Exercise instructions:
Take nothing but the lines from the one with "推車人物雕塑 一家山口親情雕塑 銅雕人物" through the one with "1、在道路場(chǎng)景" in the entries below, both ends kept, and return them exactly with pictures left out.

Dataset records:
▬▬▬▬▬▬▬▬▬▬

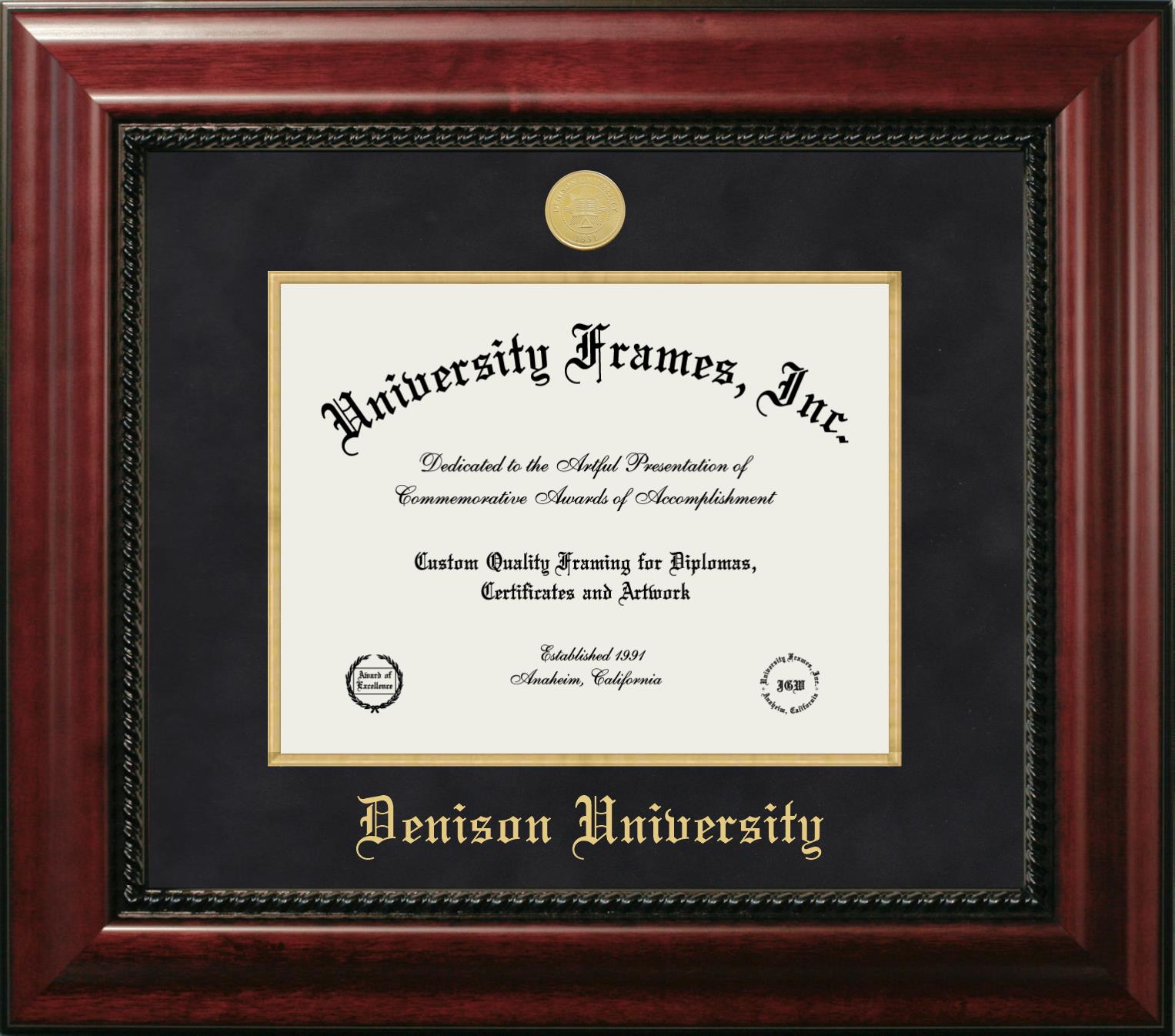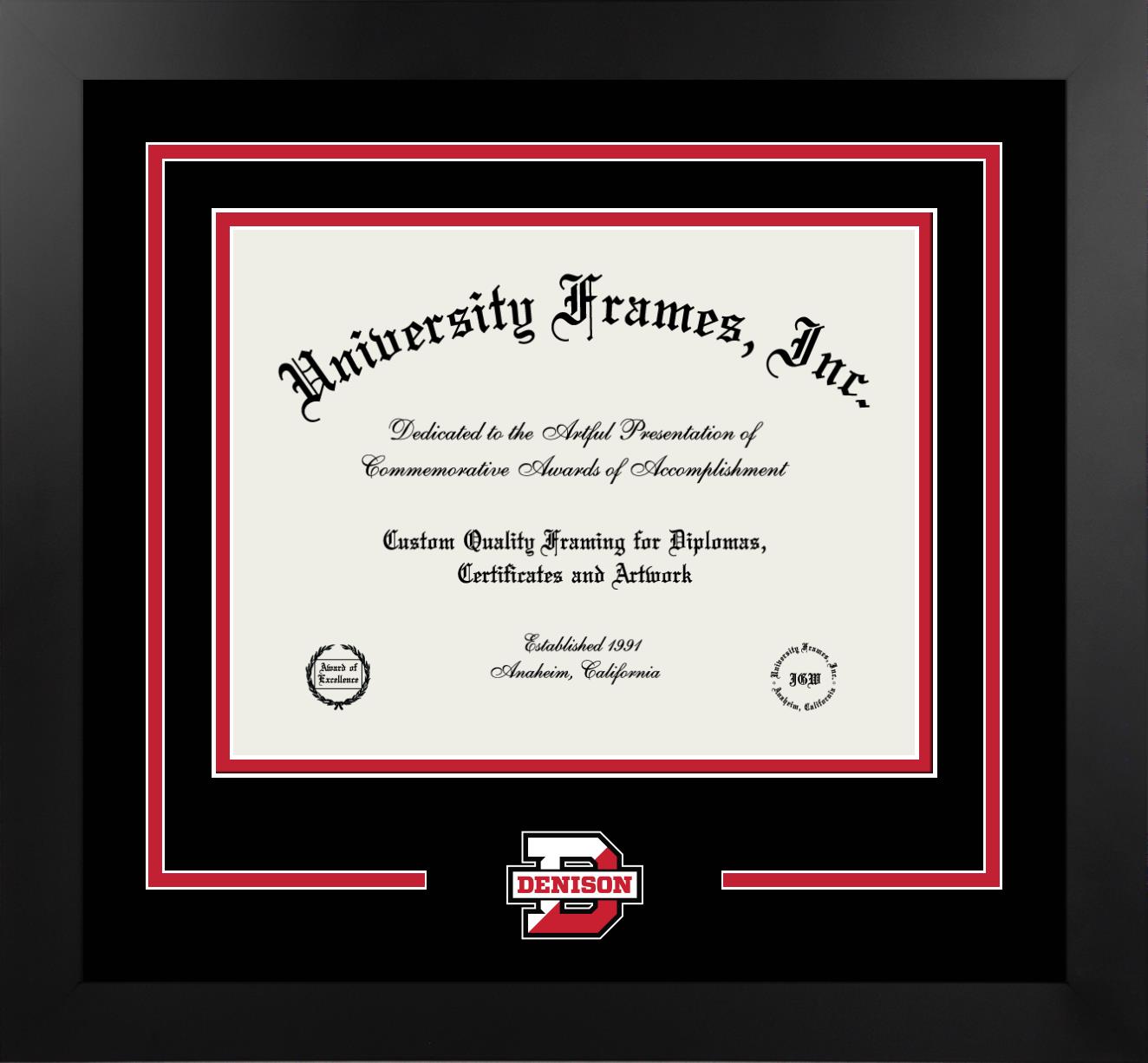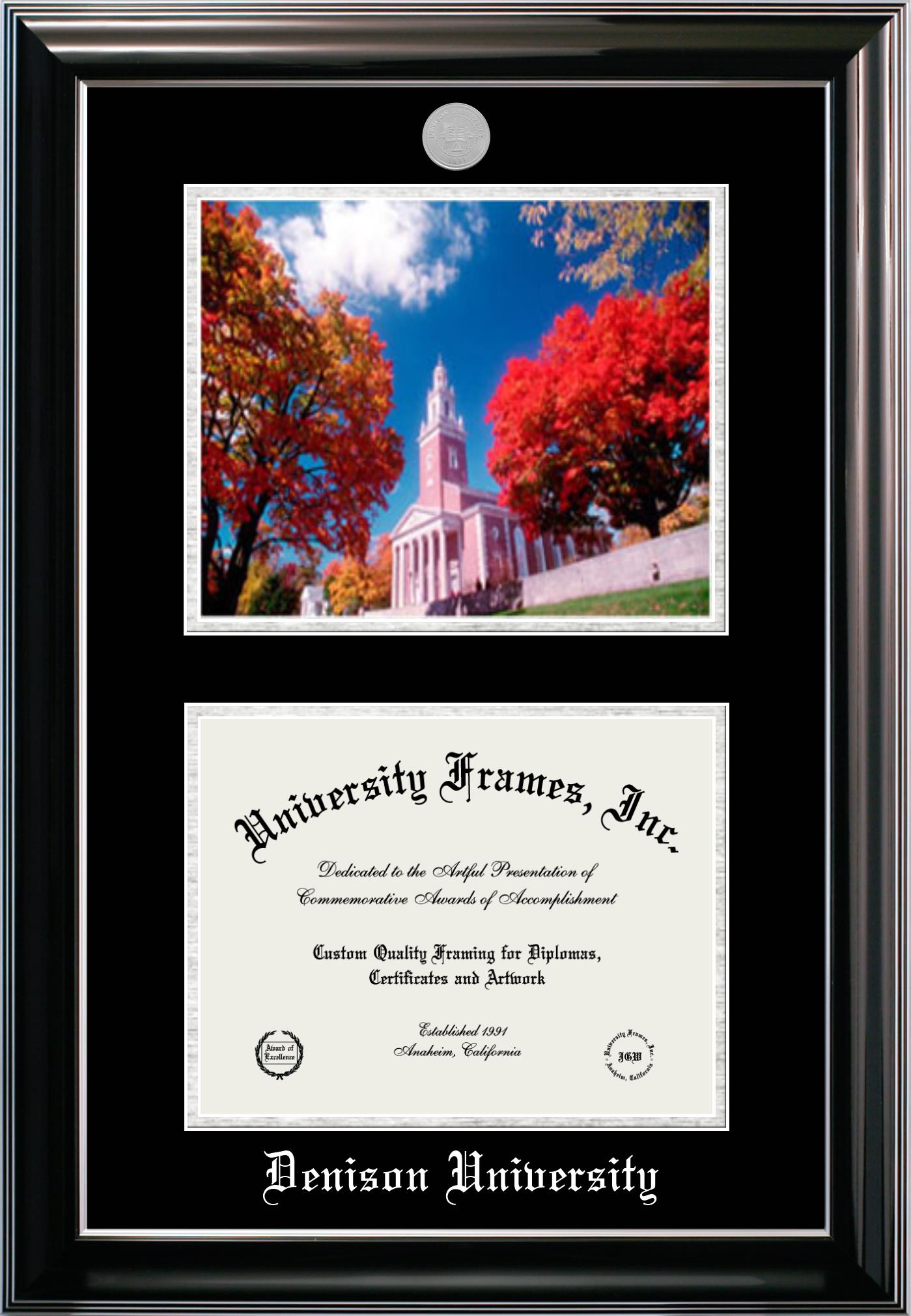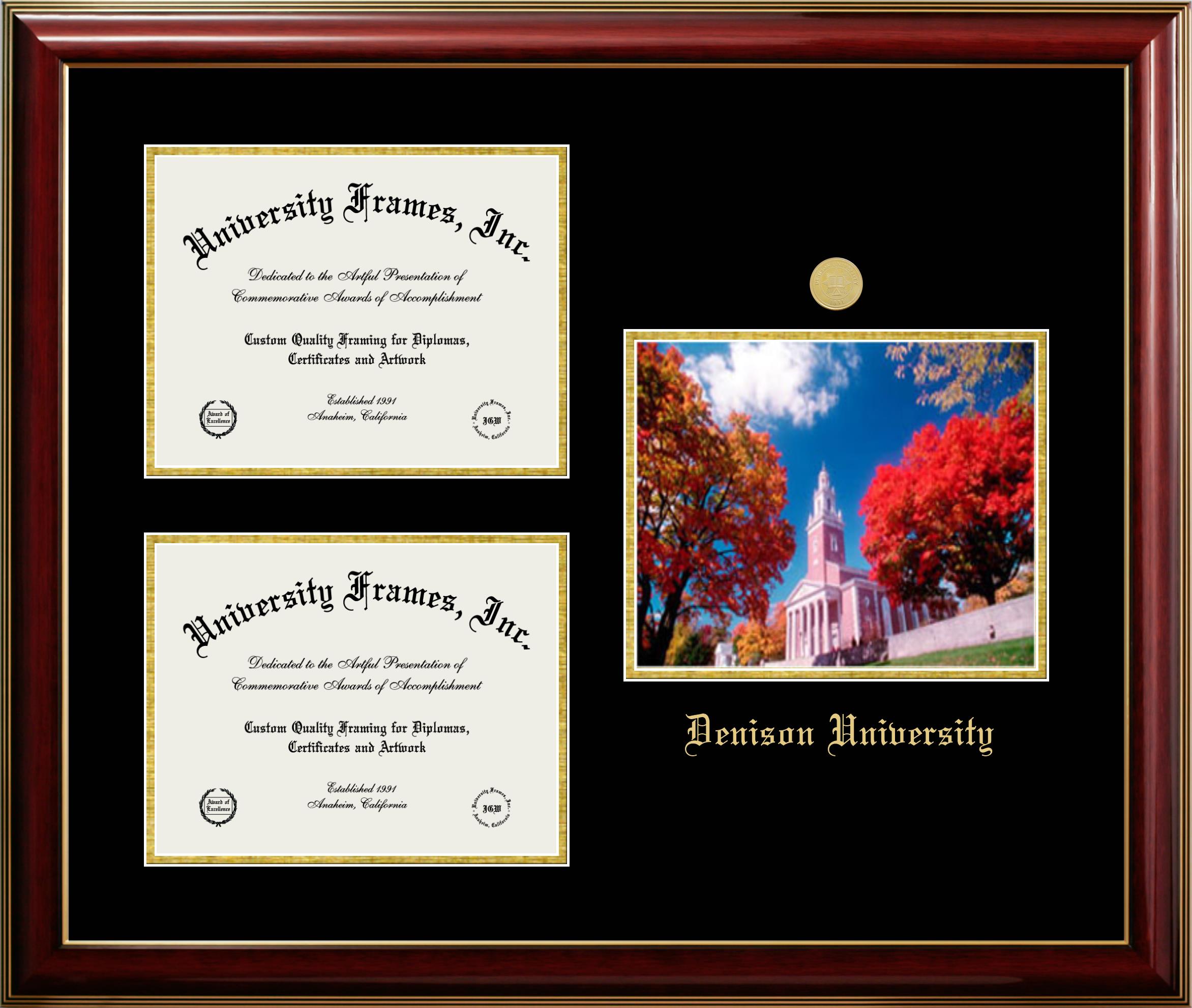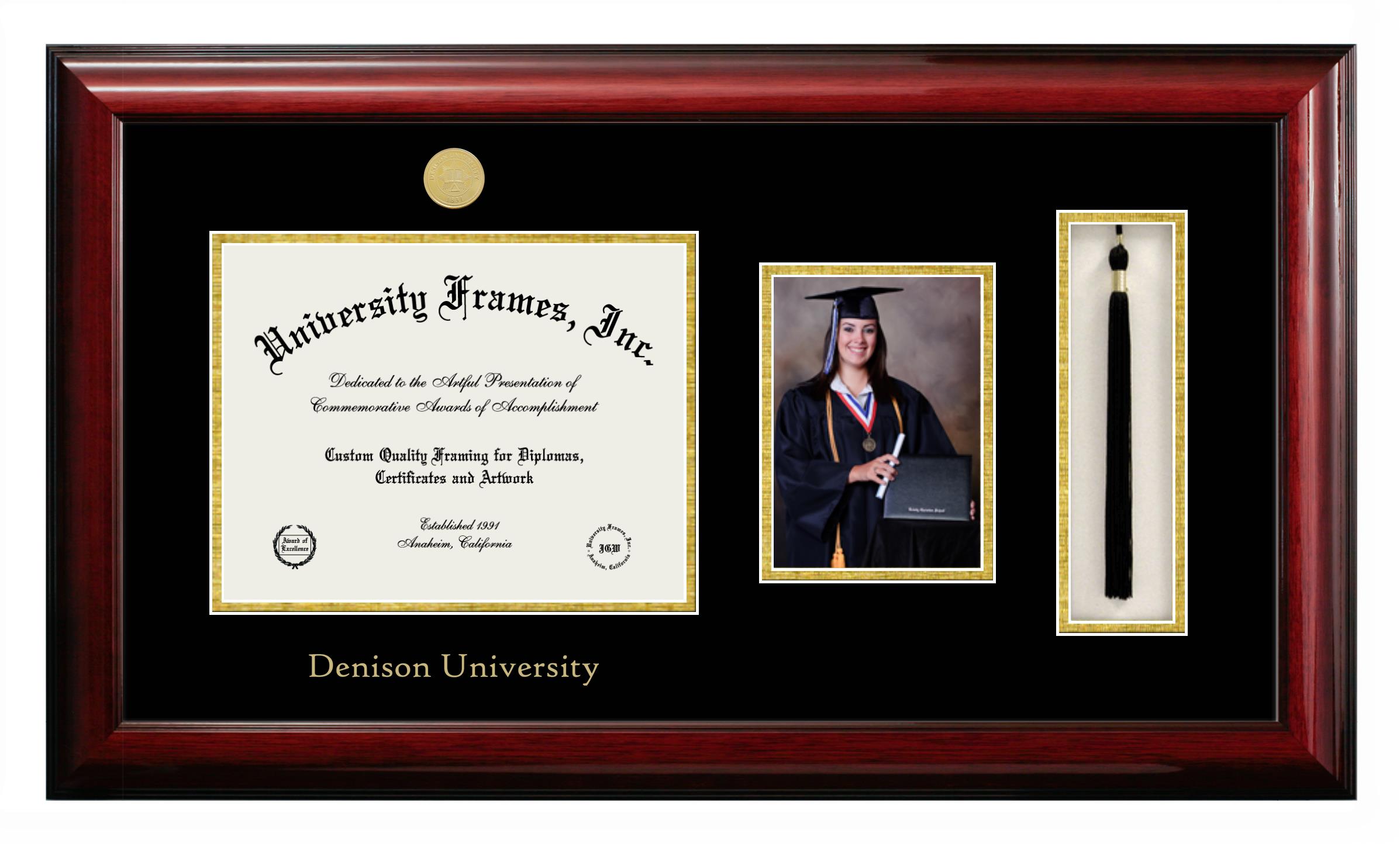 Showcase your achievement with a professional Denison University diploma frame. We offer officially licensed custom diploma frames that have the original Denison University seal. Our degree frames make great graduation gifts. All our frames are handcrafted to meet your style and preference. Each frame is carefully inspected to achieve the highest quality standards and precision. You can easily customize your college diploma frame with our online design tool. Customize your diploma frame now!
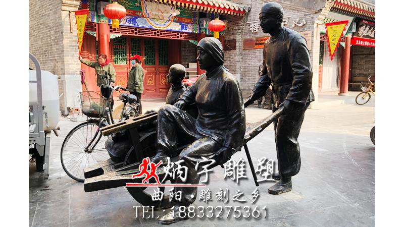 推車人物雕塑 一家山口親情雕塑 銅雕人物
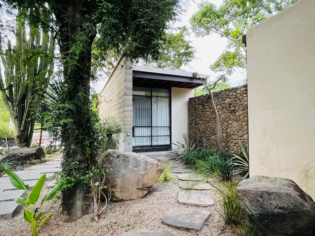 La Suite Tamarindo es una unidad independiente que cuenta con paredes de tierra compactada, un generoso baño interior/exterior, un área de trabajo, un gran armario y guardarropa, y dos camas individuales que pueden formar una cama tamaño king. Diseñamos gran parte de la propiedad para utilizar refrigeración pasiva teniendo en cuenta la sostenibilidad, por lo que la suite se mantiene fresca y cómoda. Además, tiene un ventilador de techo para mantenerla ventilada durante los meses más cálidos.
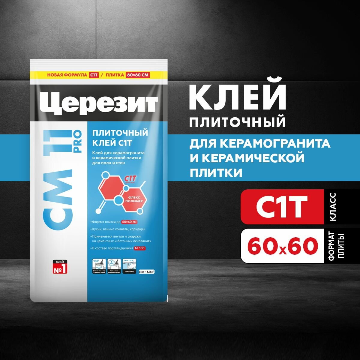 CERESIT CM 11 PRO клей для керамической плитки для пола и стен внутри и снаружи помещения (5кг)
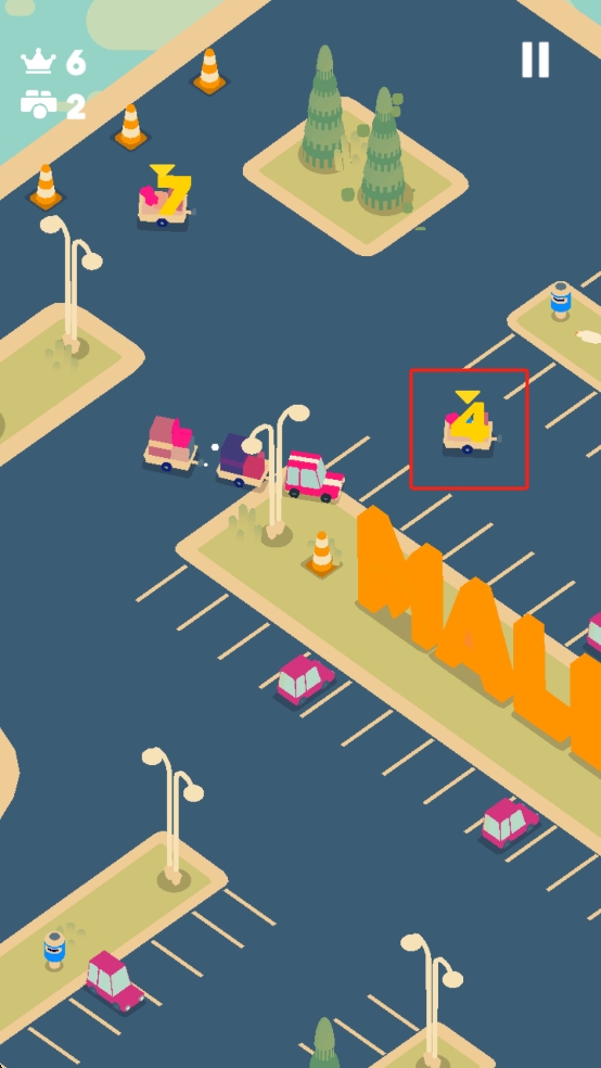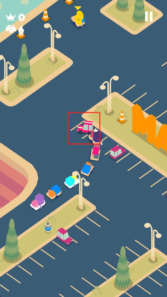 1、在道路場(chǎng)景中我們操控紅色小車,需精準(zhǔn)連接同色車輛形成車隊(duì),行駛時(shí)避開其他顏色車輛與路障。
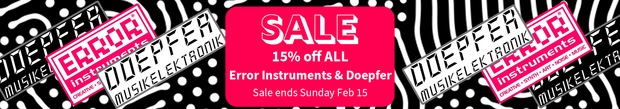 Error Instruments Shop Sale -15% Quickshop Error Instruments/TINRS - Bubbles$187.00 $220.00 2 in stock Sale -15% Quickshop Error Instruments - Mantra$89.25 $105.00 2 in stock Sale -15% Quickshop Error Instruments - Flowerfield Plant Drone$148.75 $175.00 3 in stock Sale -15% Quickshop Error Instruments - Solar Installation$424.15 $499.00 3 in stock Sale -15% Quickshop Error Instruments - The Ritual$211.65 $249.00 4 in stock Sale -15% Quickshop Error Instruments - White Rabbit$187.00 $220.00 2 in stock Shop All Error
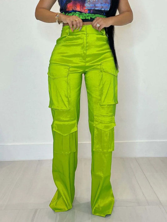 2023 New Arrival Solid Trousers With Big Pocket High Waist Lady Cargo Style Vintage Casual Women Pants

▬▬▬▬▬▬▬▬▬▬

Expected answer:
 推車人物雕塑 一家山口親情雕塑 銅雕人物
 La Suite Tamarindo es una unidad independiente que cuenta con paredes de tierra compactada, un generoso baño interior/exterior, un área de trabajo, un gran armario y guardarropa, y dos camas individuales que pueden formar una cama tamaño king. Diseñamos gran parte de la propiedad para utilizar refrigeración pasiva teniendo en cuenta la sostenibilidad, por lo que la suite se mantiene fresca y cómoda. Además, tiene un ventilador de techo para mantenerla ventilada durante los meses más cálidos.
 CERESIT CM 11 PRO клей для керамической плитки для пола и стен внутри и снаружи помещения (5кг)
 1、在道路場(chǎng)景中我們操控紅色小車,需精準(zhǔn)連接同色車輛形成車隊(duì),行駛時(shí)避開其他顏色車輛與路障。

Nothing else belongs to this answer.